Select the checkbox next to this panel to detect blinks in the pupil signal.

  • Filter Order (must be an even integer): By default, the Filter Order is set at 20% of the Resampling Rate. Larger Filter Order values create a "smoother" velocity plot, but may suppress the blink velocity patterns if it is too large.
  • Passband Frequency (Hz): Lower frequency constraint of the bandpass filter.
  • Stopband Frequency (Hz): Upper frequency constraint of the bandpass filter.
  • Peak Threshold Factor: Thresholding of a peak's amplitude in standard deviations above the mean velocity. Peaks whose amplitudes exceed this threshold are classified as an artifact peak.
  • Trough Threshold Factor: Thresholding of a troughs's amplitude in standard deviations below the mean velocity. Troughs whose amplitudes exceed this threshold are classified as an artifact trough. A "blink" is characterized as an artifact trough followed soon after by an artifact peak.
  • Velocity Threshold (+): Thresholding to find the point along the artifact peaks used to identify blink offsets. Smaller positive thresholds delays the blink offset, increasing the tail end of the interpolated region (and vice versa).
  • Velocity Threshold (-): Thresholding to find the point along the artifact troughs used to identify blink onsets. Smaller positive thresholds makes the blink onset occur earlier, increasing the front end of the interpolated region (and vice versa).

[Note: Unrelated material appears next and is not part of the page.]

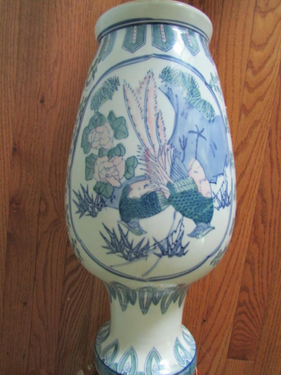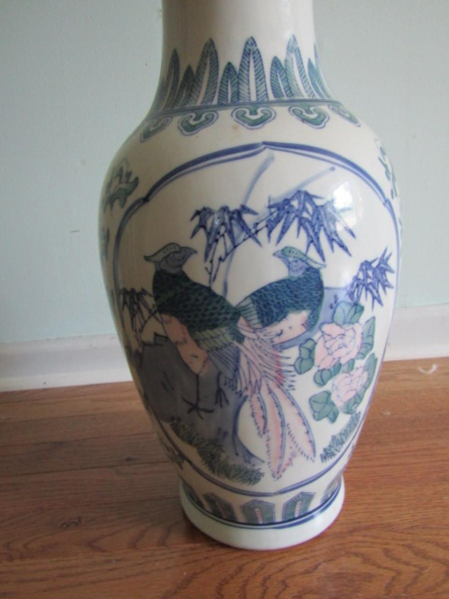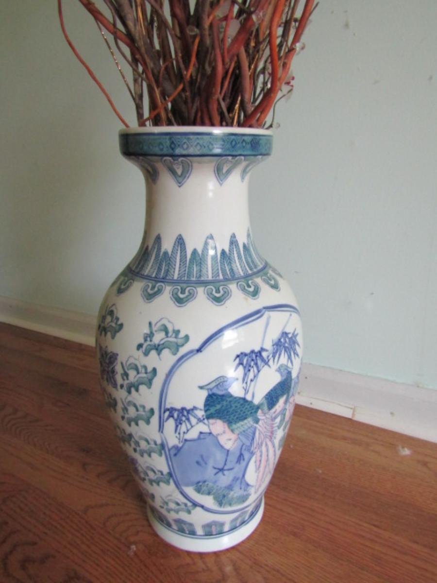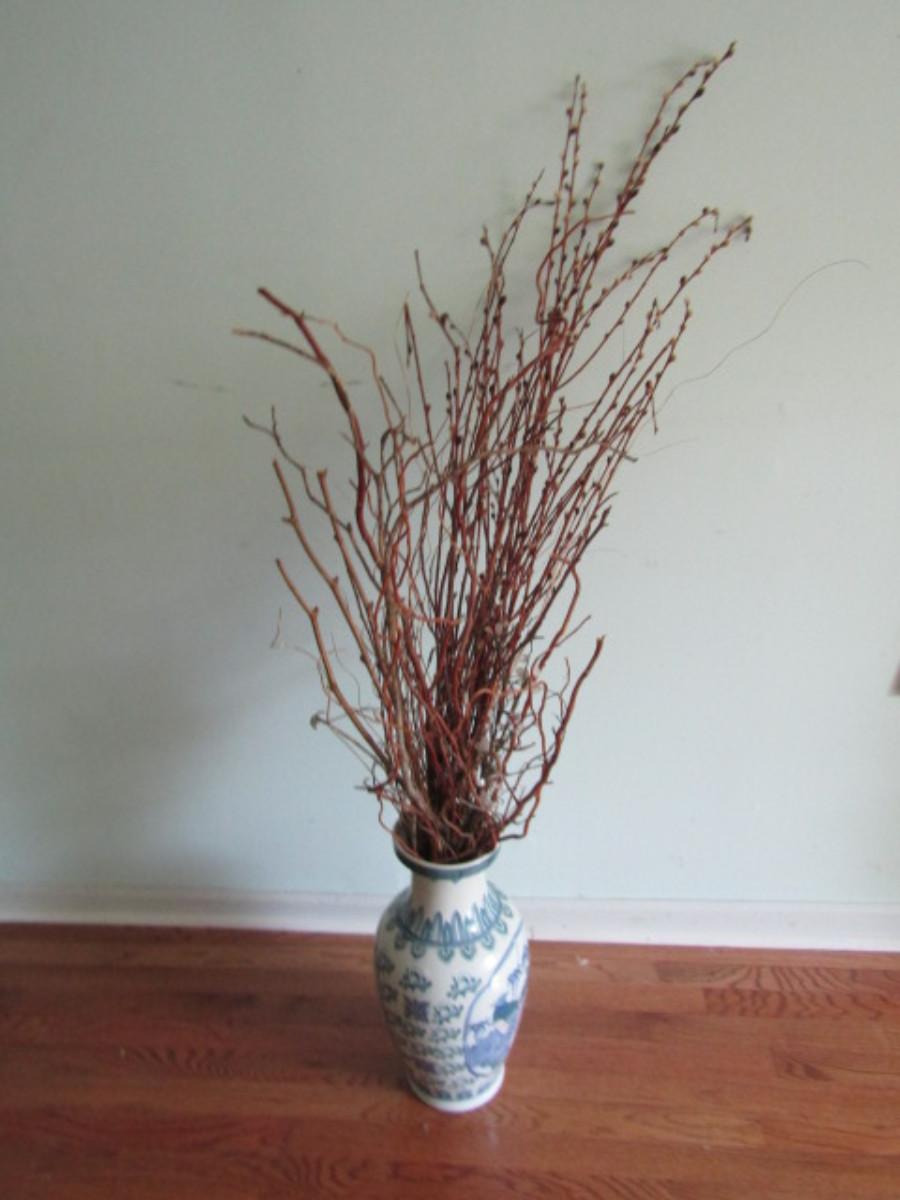 Hand Painted Porcelain Floor Vase with Natural Arrangement

The velocity plot (i.e., 1st derivative of the raw pupil data) is created by applying a differentiator filter. The first 3 options (Filter Order, Passband Frequency, and Stopband Frequency) control the design of the filter used when taking the 1st derivative of the raw pupil signal.

The algorithm then detects peaks and troughs in the velocity plot. Peaks and troughs whose amplitude exceed the Peak Threshold Factor and Trough Threshold Factor, respectively, are identified as artifacts.

Finally, the Velocity Threshold (+) and Velocity Threshold (-) options fine-tune the placement of the endpoints around each of the identified artifactual peak-trough periods.

(TODO - Figure of a blink profile to describe the thresholds)

Detect Invalid Samples

Some eye-trackers also tag whether or not each recorded sample is valid, or provides a confidence metric for the sample quality. This information can be used in conjunction with the blink detection algorithm.

  • Front Padding (s): Padding prior to the onset of invalid periods
  • Rear Padding (s): Padding after the offset of invalid periods
  • Merge Invalids Gap (s): If two invalid periods fall within this value, the entire period between the two invalid periods are merged into one invalid period
  • Valid Range Upper (0-1): Samples above this value (fraction of the range of pupil values in this recording) are tagged as "invalid samples"
  • Valid Range Lower (0-1): Samples below this value (fraction of the range of pupil values in this recording) are tagged as "invalid samples" (e.g., if this is set at .3, any sample with a value below .3 of the pupil range is an "invalid sample")

The Front Padding and Rear Padding options control the amount of padding around invalid periods that the program will interpolate over.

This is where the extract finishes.